Context: Aleta, Shopify, and distributors
Aleta Distribution Sàrl is a Swiss distribution company. Its product catalog lives in Shopify: products, variants, media, and inventory are maintained there as the operational system of record.
B2B partners — other distributors and integrators — need reliable programmatic access (reference pricing, stock, logistics locations) without handing every party a Shopify Admin token or forcing each integration team to own raw GraphQL complexity.
d-side solutions designed and operates a public B2B API served at api.aleta.ch, backed by the Shopify store, with published documentation and an onboarding path for API consumers.
💡 Technical positioning
The component is a Symfony middleware that maps wholesale needs (stable REST, JSON, scoped access) into controlled calls to Shopify's Admin GraphQL API — with caching, structured logging, and consumer-oriented error surfaces.
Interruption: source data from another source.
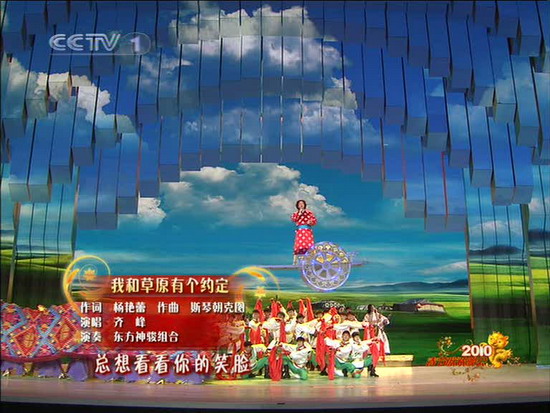 c娛樂訊 2月13日(除夕)晚20:00,2010年央視春節(jié)晚會(huì)通過中央電視臺(tái)面向全球直播,新浪娛樂同步視頻圖文直播。圖為《我和草原有個(gè)約定》 。
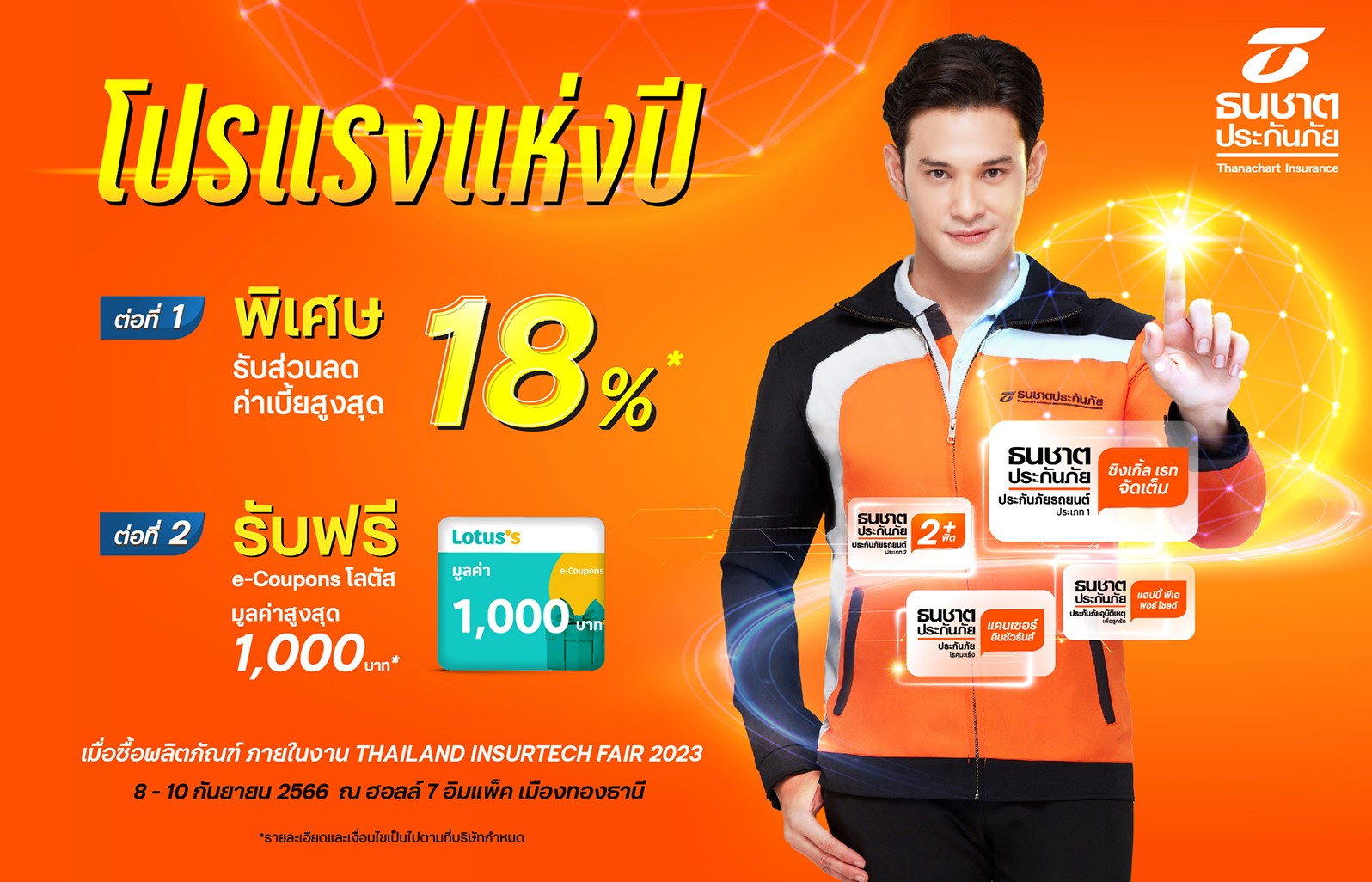 บริษัท ธนชาตประกันภัย จำกัด (มหาชน) นำผลิตภัณฑ์ประกันภัยเข้าร่วมแสดงและให้บริการ ภายในงาน Thailand InsurTech Fair 2023 ซึ่งเป็นงานมหกรรมประกันภัยสุดยิ่งใหญ่แห่งปี จัดขึ้นระหว่างวันที่ 8 - 10 กันยายน 2566 ณ อิมแพคเมืองทองธานี ฮอลล์ 7 เพื่อเป็นการตอกย้ำความเป็นผู้นำในนวัตกรรมประกันภัย โดยได้นำผลิตภัณฑ์เด่นที่ได้รับความนิยมจากลูกค้าเข้าร่วมจำหน่ายภายในงาน พร้อมจัดโปรโมชั่นส่วนลดค่าเบี้ยประกันภัยราคาพิเศษสูงสุดถึง 18%* อาทิ ประกันภัยรถยนต์ ประเภท 2+ฟิต ราคาพิเศษเริ่มต้น 5,275 บาท (ราคาปกติ 6,500 บาท) ประกันภัยรถยนต์ ประเภท 2+จัดเต็ม ราคาพิเศษเริ่มต้นเพียง 6,481 บาท (ราคาปกติ 7,999 บาท)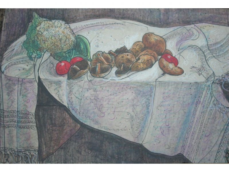 STILL LIFE WITH CAULIFLOWER, POTATOES, MUSHROOMS AND TOMATOES UPON A DRAPED TABL
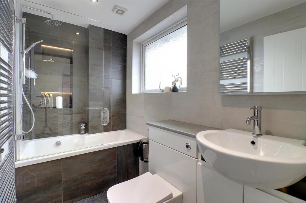 Modern white suite comprising "P" bath, with thermostatic "Rain shower" and glass shower screen, WC & wash hand basin with vanity unit. Tiled floor. Tile effect wall panelling. Chorme heated towel rail. Recessed spotlights. Extractor fan.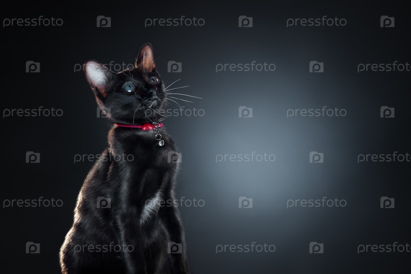 Красивый черный кот на синем фоне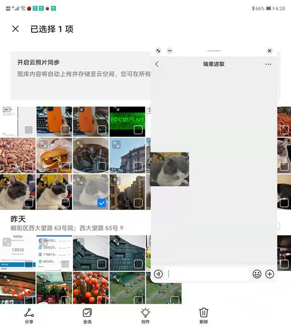 多任務(wù)還擁有更多的方式,比如預(yù)覽浮窗,拖拽分享以及單應(yīng)用多任務(wù)等等。比如我們想要通過微信分享文件,就可以直接用拖拽的方式把照片拖到微信里傳輸,進(jìn)行跨應(yīng)用的操作。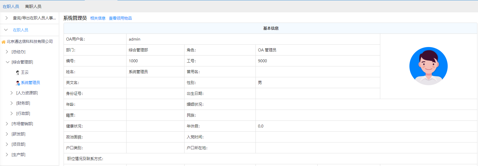 在离职人员选项中,可以根据人事档案中的OA用户名、姓名、性别等字段,查询出离职人员的详细信息,其操作类似在职人员的查询。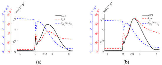 Axial profiles of OTR, kLa, and interphase mass transfer driving force, yO2/m-xO2, for the operative conditions considered: (a) QL = 25 m3/h and QG = 3.75 L/min; (b) QL = 30 m3/h and QG = 7.5 L/min. The initial and final part of the pipe are omitted to improve readability.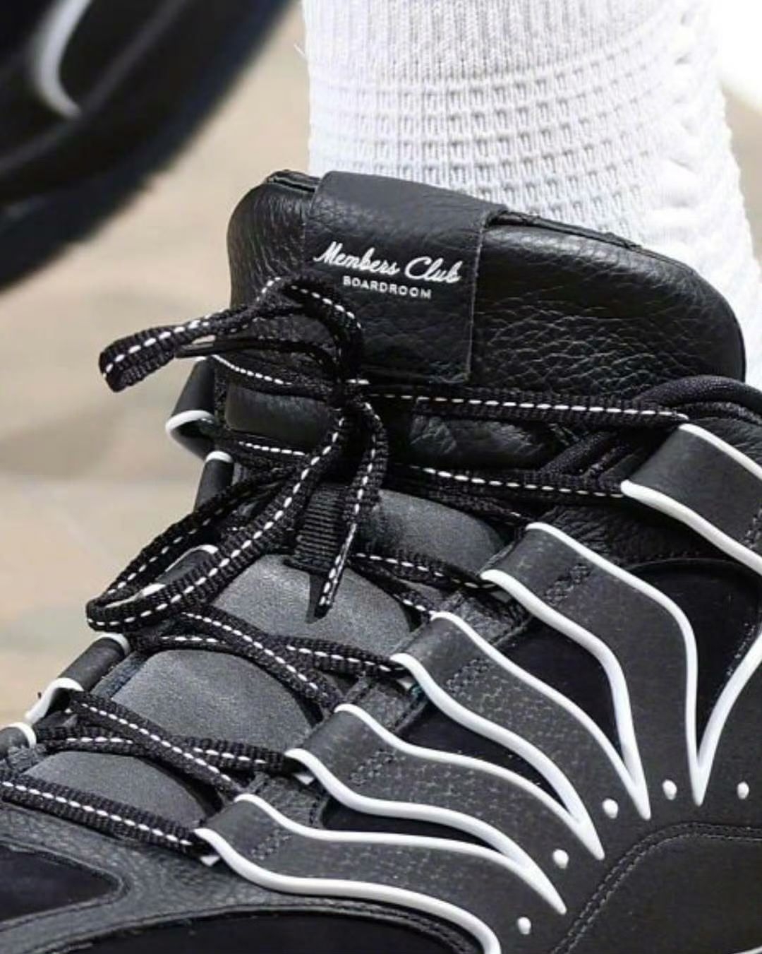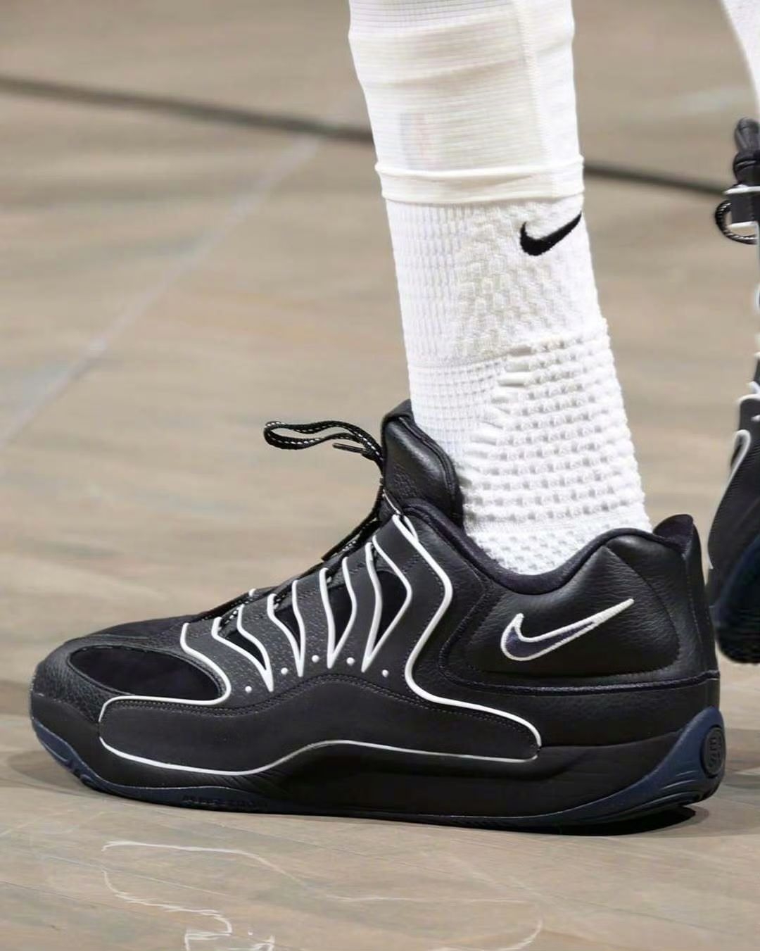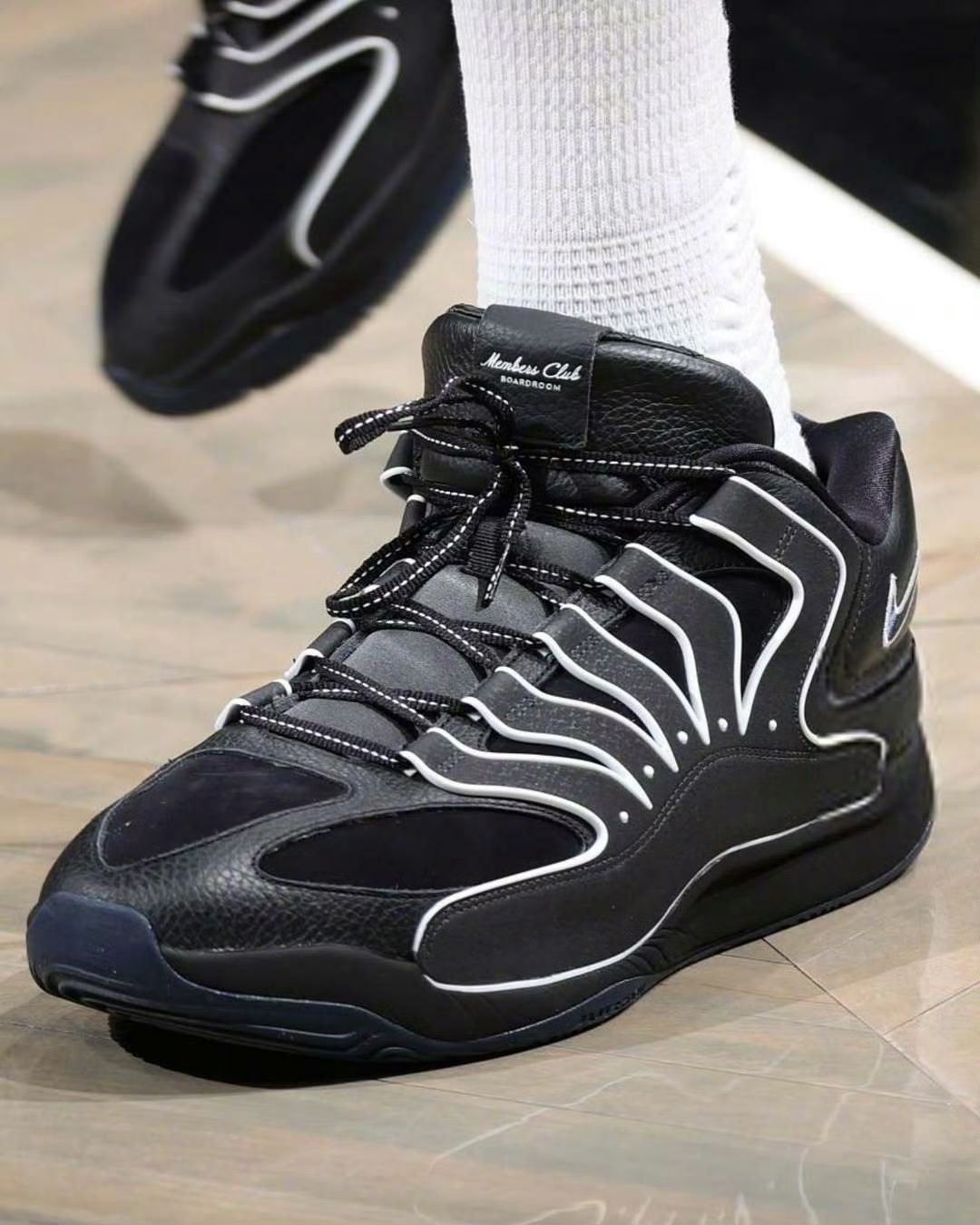 蹲到KD18 “Board Memless Club” PE上脚图了,第一眼就被这黑白配色戳中,乍一看还以为是篮网队的专属调调,低调得完全不像顶级富豪俱乐部的联名款。 鞋身的黑色皮革搭配白色线条勾勒,没有花里胡哨的装饰,线条感把复古和现代感揉得刚刚好,鞋舌上的“Members Club”小字细节直接拉满,这种藏在细节里的质感真的太戳我了。 作为KD的签名鞋,实战性能不用多说,脚感依旧是熟悉...

The challenge: open the catalog without compromising Shopify
Sharing direct Admin API access with many distributors creates security, governance, and contract problems: each partner negotiates different commercial terms, and Shopify's API surface moves with every version (removed fields or schema changes).
- ✗No shared Admin token — distributing Admin credentials to every integrator multiplies risk and makes rotation painful.
- ✗Catalog price ≠ distributor price — discounts or margins must be applied per account in a deterministic, auditable way.
- ✗GraphQL version drift — a query that worked yesterday can fail after an API version bump when fields disappear from the schema.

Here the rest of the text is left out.